PETITE FÊTE D’ENTREPRISE DE LA MORT Christophe Busch nous fait une visite guidée de l’arrière-pays d’Auschwitz, où les touristes ne viennent jamais : les complexes industriels du géant de la chimie IG Farben – au moins quatre fois la superficie d’Auschwitz – qui crachent de la fumée à ce jour, où des centaines de milliers de travailleurs forcés ont fabriqué des munitions et du caoutchouc jusqu’à mourir d’épuisement et de privation. Chaque fois que nous tentons de garer la voiture, l’agent de sécurité nous chasse des barrières fermées. Partout dans la région, on aperçoit des rangées et des rangées de box de garage en
béton.
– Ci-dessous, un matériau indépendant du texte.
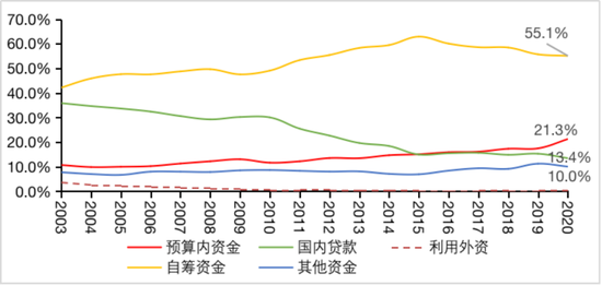 图8 2003年-2020年中国基础设施投资资金来源结构

Il ne s’agit pas de souvenirs de l’époque communiste comme le prétend la génération actuelle de Polonais, mais d’hébergements d’urgence pour les travailleurs forcés du camp. Dans tout l’arrondissement, on tombe sur des bornes iconiques du camp, des vestiges de baraques, des garages militaires, des dépôts de pommes de terre, des ruines d’usines. Busch: “Beaucoup de gens pensent qu’Auschwitz ne comporte que les deux camps conservés dans la zone délimitée de l’Unesco, et cela permet de continuer à prétendre qu’il s’agissait d’une enclave allemande dont la population locale ignorait tout ou presque. La réalité est qu’on ne pouvait pas ne pas le voir, parce que toute la région était parsemée de preuves de l’existence des camps et du travail forcé, et parce que les Juifs d’Oświęcim, la petite ville située juste à côté du camp dont plus de la moitié de la population était juive, ont disparu en peu de temps. Il est vrai que le camp était dirigé par des nazis et des collaborateurs, mais ils n’ont pas choisi cette région reculée sans raison : la population locale y était considérablement antisémite.” Par une porte arrière, on arrive à la Kommandatur, où résidaient Höss, sa famille et ses officiers. Derrière la maison coule la Sola, dans laquelle
les enfants pouvaient nager. Dans le jardin se dressait une espèce rare de cerisiers du Japon. L’odeur des fleurs masquait l’odeur du crématoire, situé à peine cent mètres plus loin, caché derrière un muret. Cassiers: “Ils vivaient littéralement sur leur lieu de travail et n’éprouvaient aucune honte.” Busch: “Auschwitz n’était pas la Sibérie pour les nazis envoyés ici : l’élite du IIIe Reich se retrouvait ici. Les villes allemandes étaient bombardées et sur le front de l’Est, il fallait se battre dans les tranchées. Mais ici, on était en sécurité et on disposait de tout le luxe possible. Plus loin, il y avait une grande salle, la SS-Küche, où ils organisaient des spectacles de théâtre, des projections de film, des conférences et des
concerts.” Cassiers: “Pour beaucoup, cela reste une énigme qu’après avoir passé une journée à gazer, certains bourreaux pouvaient paisiblement écouter du Bach ou du Wagner, mais je commence à comprendre. L’art faisait office de marque de supériorité. Le raisonnement tordu qu’ils ne pouvaient pas être des barbares s’ils appréciaient la grande musique. ” Busch: “Il y a dix ans, un album de photos a fait surface, avec des images de l’adjudant du commandant du camp, Karl-Friedrich Höcker. Cet album contient des photos invraisemblables, prises au barrage sur la rivière Sola, où on devine l’atmosphère d’une joyeuse petite fête d’entreprise : des gens qui dansent et rient, un accordéon,
tout le monde de bonne humeur, un véritable moment de team building. Entretemps, nous savons avec précision quand ces photos ont été prises: le 15 juillet 1944, six mois avant la libération du camp. Ce jour-là, les participants avaient reçu une distinction honorifique pour avoir gazé et incinéré 320 000 Juifs hongrois en à peine deux mois. Cela méritait d’être dignement célébré et démontrait qu’ils devenaient de plus en plus professionnels et efficaces. Alors qu’à ce moment, ils auraient déjà pu savoir que la guerre était perdue. Mais jusqu’à la toute fin, ils ont continué à construire et à étendre le camp : quelques semaines avant sa libération, lorsqu’on entendait déjà les canons russes, ils ont encore inauguré un hôpital.”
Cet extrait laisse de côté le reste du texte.